Give again only the lines from the line that holds "The Star shifting" to the end of the data, inclusive, omitting all pictures.
------------------------
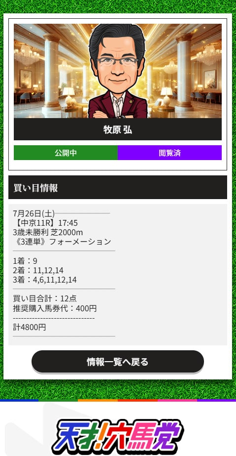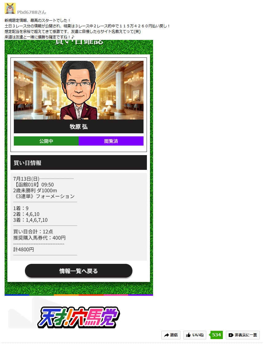 ※利用者の多い、「天才!穴馬党」競馬リポート内の口コミを確認たところ、会員様も直近で「牧原 弘」馬券師、有料情報を利用して100万円越え払い戻しの実績を残しており、これから検証する管理人の田中もですが利用者側から考えるとこういった的中報告は期待が高まりますね。
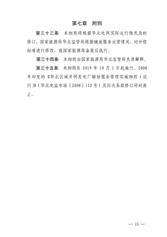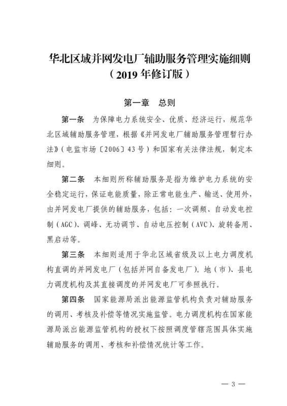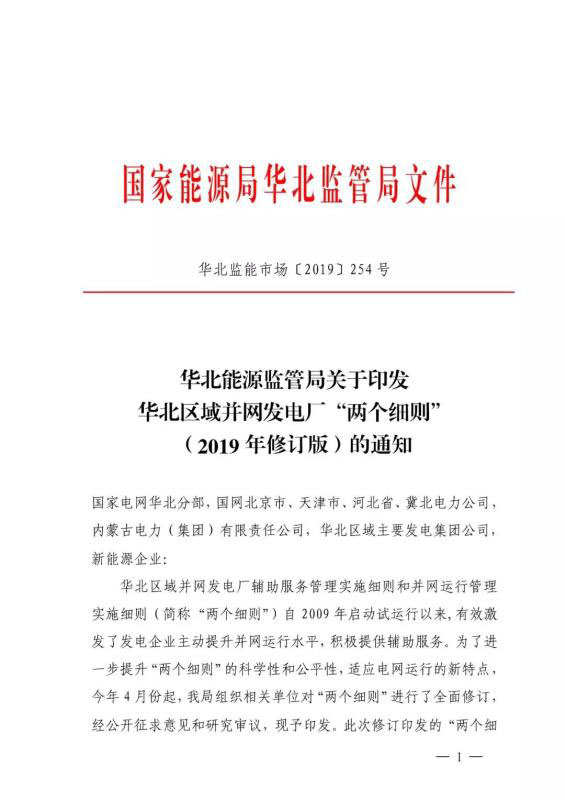 中國儲能網(wǎng)訊:9月25日,華北能監(jiān)局正式印發(fā)華北區(qū)域并網(wǎng)發(fā)電廠“兩個細則”(2019 年修訂版),要求自10月1日起正式執(zhí)行。以下為《華北區(qū)域并網(wǎng)發(fā)電廠輔助服務(wù)管理實施細則》全文。
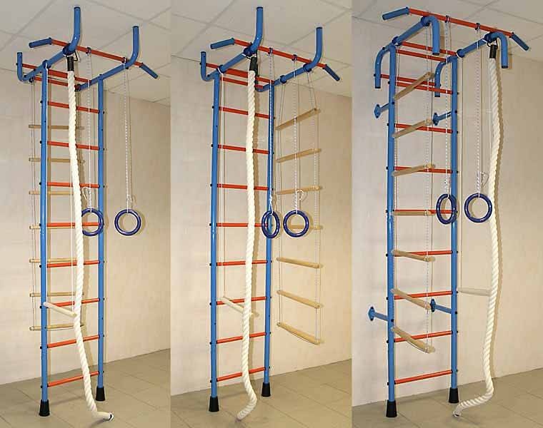 Детский спортивный комплекс ДСК-4 «Альпинистик» (широкий хват) с турником предназначен для выполнения различных общеразвивающих и укрепляющих спортивных упражнений в домашних условиях и других помещениях с высотой потолка до 3,0 м.
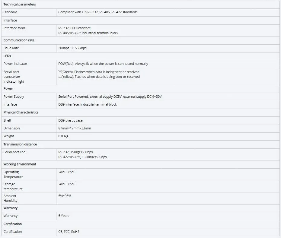 The Star shifting interface converter products include three major series:Industrial serial optical fiber converter can convert the industrial site RS232/485/422 serial electrical signal into optical fiber signal transmission, to achieve long-distance transmission requirements, improve signal anti-interference ability;Industrial serial cable converter, to achieve the industrial site RS232 and RS485/422 signals between the conversion, as well as multiple serial bus concentrator function, provide active/passive, isolated/non-isolated and other types of choice;Industrial serial port repeater can realize the isolation relay function of RS232/485/422 signal in industrial field. By isolating and amplifies the signal, it can extend the communication distance and anti-interference.
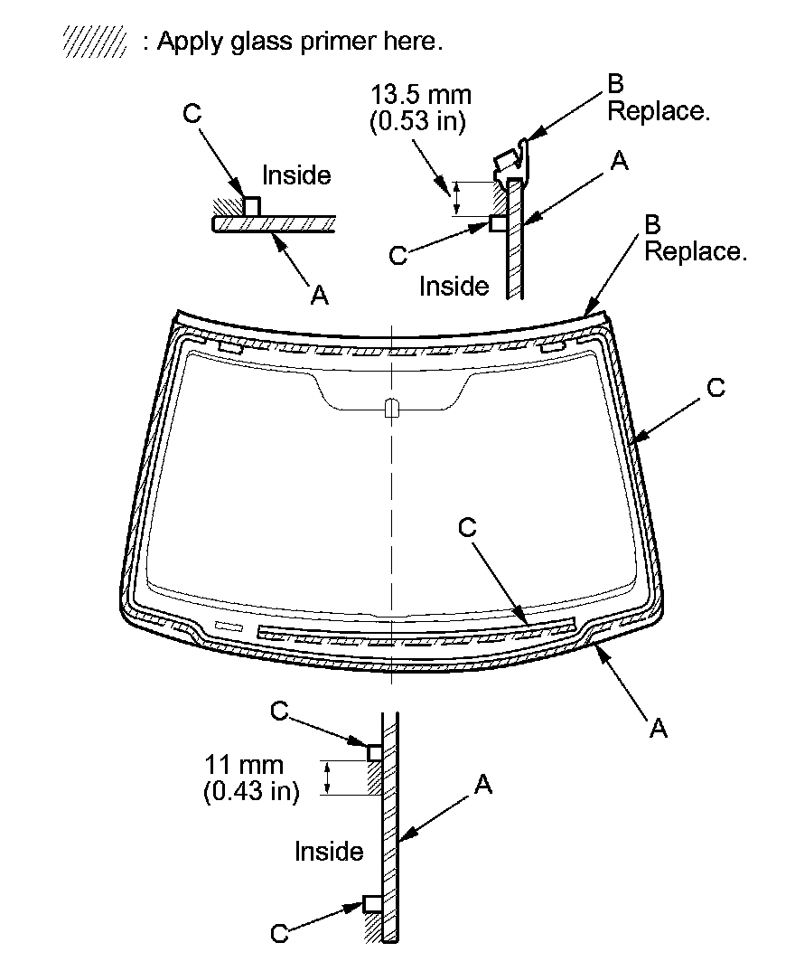 13. Attach rubber dam B with adhesive tape to the inside surface of the windshield (A) as shown, using the edge of the black ceramic-coated area (C) as a guide.
------------------------
OUTPUT FOR THIS EXERCISE:
 The Star shifting interface converter products include three major series:Industrial serial optical fiber converter can convert the industrial site RS232/485/422 serial electrical signal into optical fiber signal transmission, to achieve long-distance transmission requirements, improve signal anti-interference ability;Industrial serial cable converter, to achieve the industrial site RS232 and RS485/422 signals between the conversion, as well as multiple serial bus concentrator function, provide active/passive, isolated/non-isolated and other types of choice;Industrial serial port repeater can realize the isolation relay function of RS232/485/422 signal in industrial field. By isolating and amplifies the signal, it can extend the communication distance and anti-interference.
 13. Attach rubber dam B with adhesive tape to the inside surface of the windshield (A) as shown, using the edge of the black ceramic-coated area (C) as a guide.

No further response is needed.